WHAT YOU WILL DO:
Look in the listing below for the line that has "7月12日,在山東省章丘市高", then return it and each following line up to and including the one with "Design de cartão", exactly and without pictures.

MATERIALS PROVIDED:
###

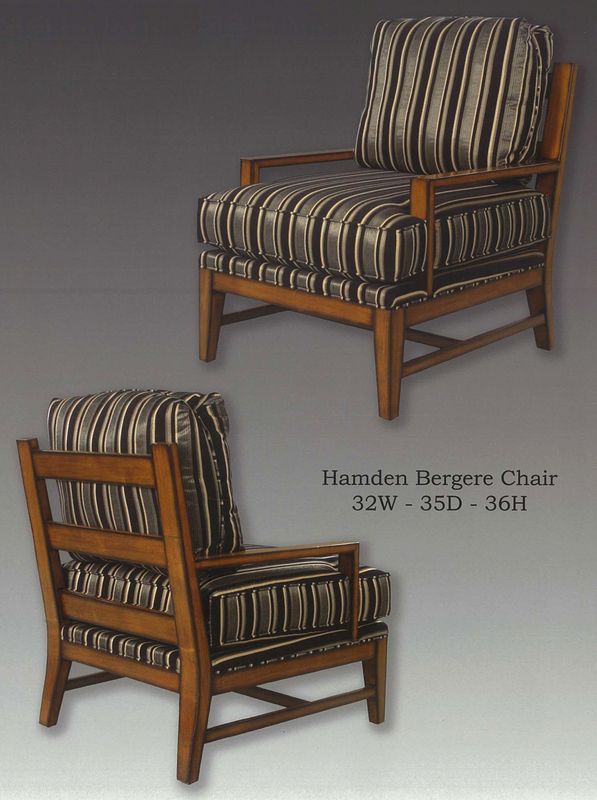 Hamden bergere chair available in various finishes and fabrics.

###

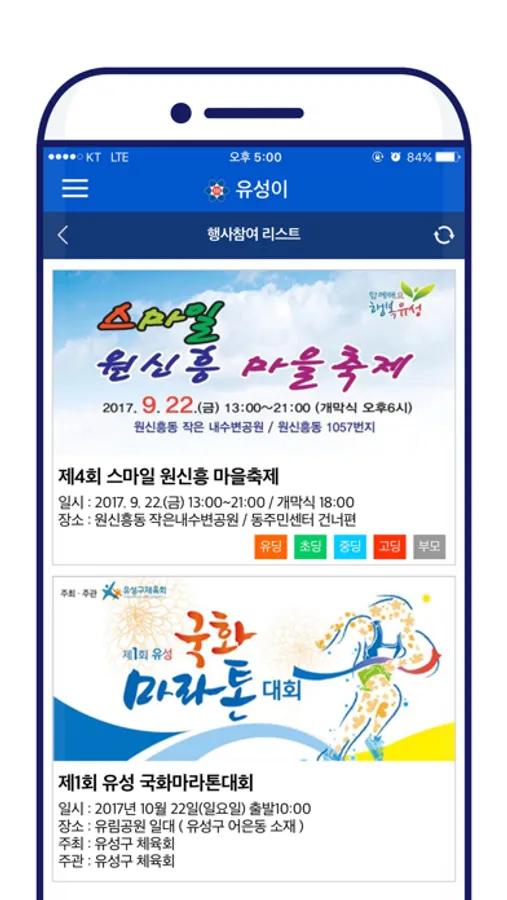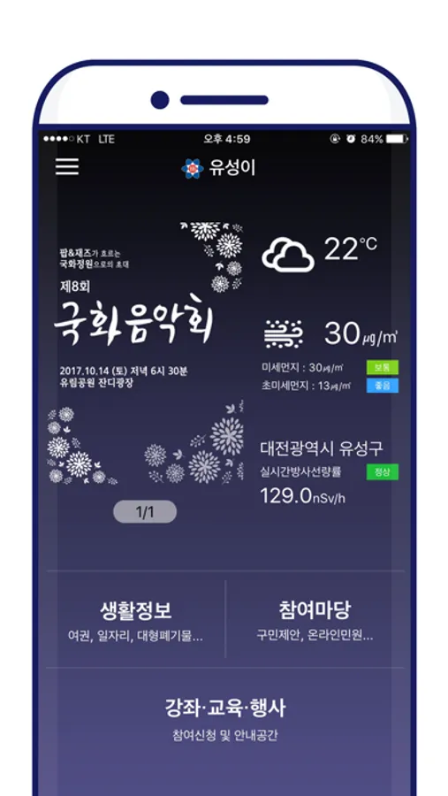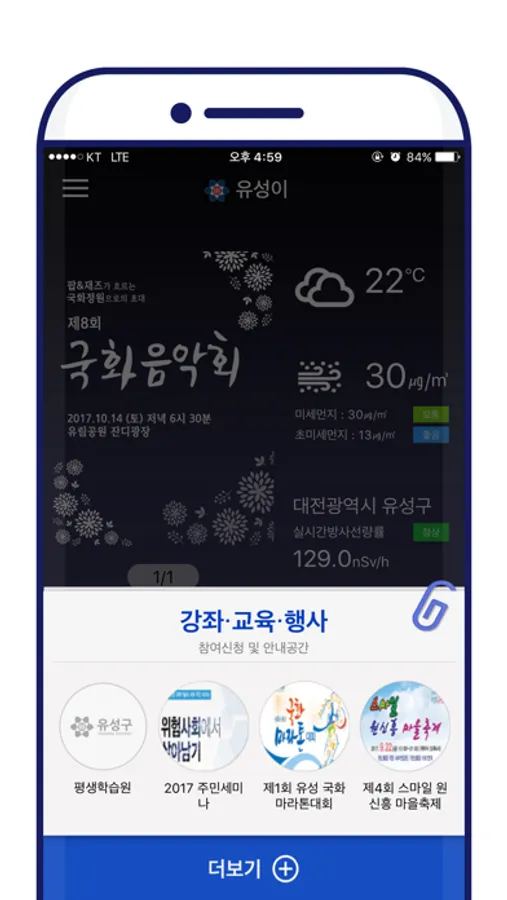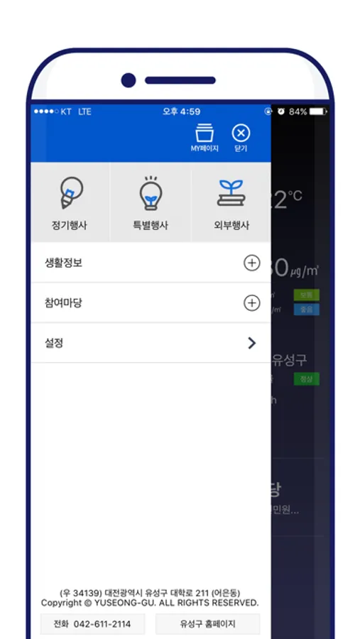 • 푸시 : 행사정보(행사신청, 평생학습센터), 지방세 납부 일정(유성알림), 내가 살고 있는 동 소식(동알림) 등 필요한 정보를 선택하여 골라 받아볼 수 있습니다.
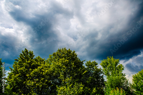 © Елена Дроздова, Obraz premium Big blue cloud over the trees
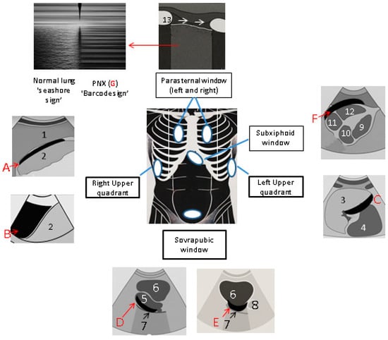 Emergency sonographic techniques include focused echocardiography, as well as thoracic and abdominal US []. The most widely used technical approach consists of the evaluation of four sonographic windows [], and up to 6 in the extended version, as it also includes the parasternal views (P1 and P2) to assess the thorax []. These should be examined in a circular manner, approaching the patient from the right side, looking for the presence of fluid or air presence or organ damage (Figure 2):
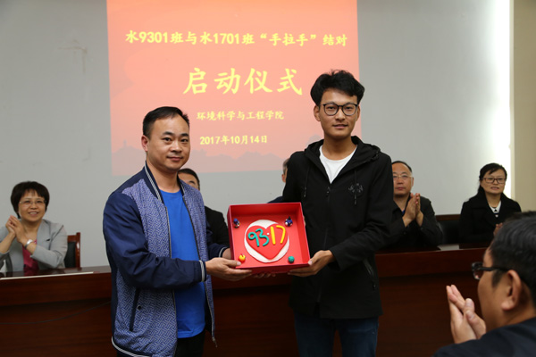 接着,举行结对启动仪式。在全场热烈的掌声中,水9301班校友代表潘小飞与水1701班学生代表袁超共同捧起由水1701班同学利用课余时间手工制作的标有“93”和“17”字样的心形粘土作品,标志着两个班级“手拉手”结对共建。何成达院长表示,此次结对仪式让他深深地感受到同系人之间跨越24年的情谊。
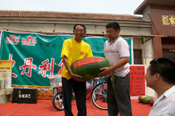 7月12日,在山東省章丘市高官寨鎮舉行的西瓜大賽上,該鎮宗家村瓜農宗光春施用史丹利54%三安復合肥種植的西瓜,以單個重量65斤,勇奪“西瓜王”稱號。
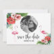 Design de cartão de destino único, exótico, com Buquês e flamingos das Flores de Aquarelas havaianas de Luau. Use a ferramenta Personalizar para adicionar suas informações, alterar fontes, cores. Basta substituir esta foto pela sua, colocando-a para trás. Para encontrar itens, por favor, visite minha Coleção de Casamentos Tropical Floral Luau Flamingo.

###

TASK RESULT:
 7月12日,在山東省章丘市高官寨鎮舉行的西瓜大賽上,該鎮宗家村瓜農宗光春施用史丹利54%三安復合肥種植的西瓜,以單個重量65斤,勇奪“西瓜王”稱號。
 Design de cartão de destino único, exótico, com Buquês e flamingos das Flores de Aquarelas havaianas de Luau. Use a ferramenta Personalizar para adicionar suas informações, alterar fontes, cores. Basta substituir esta foto pela sua, colocando-a para trás. Para encontrar itens, por favor, visite minha Coleção de Casamentos Tropical Floral Luau Flamingo.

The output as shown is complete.